Further global validation came from an ongoing Phase 3b trial in Japan, where 75% of patients reached a CR at 3 months. Drug-related side effects were mild (Grade 1 or 2), reinforcing the therapy’s strong safety profile. Importantly, no severe (Grade 4 or 5) adverse events have been reported in any clinical study to date.

Recognized by leading organizations such as the International Bladder Cancer Group (IBCG), the NCCN Guidelines, and AUA/SUO guidelines, ADSTILADRIN is emerging as a preferred treatment for BCG-unresponsive NMIBC. Ferring Pharmaceuticals continues to invest in additional clinical trials to expand its therapeutic potential and further cement its place as a foundational treatment in bladder cancer care.

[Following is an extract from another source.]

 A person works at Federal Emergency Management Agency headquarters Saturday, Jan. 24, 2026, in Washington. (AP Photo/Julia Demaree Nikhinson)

Through innovative science and an enduring commitment to the bladder cancer community, ADSTILADRIN offers new hope—delivering on the promise of preserving quality of life while effectively managing a historically challenging disease.

Source:https://endpts.com/sp/adstiladrin-nadofaragene-firadenovec-vncg-a-growing-body-of-clinical-data-and-real-world-evidence/

This is non-financial/medical advice and made using AI so could be wrong.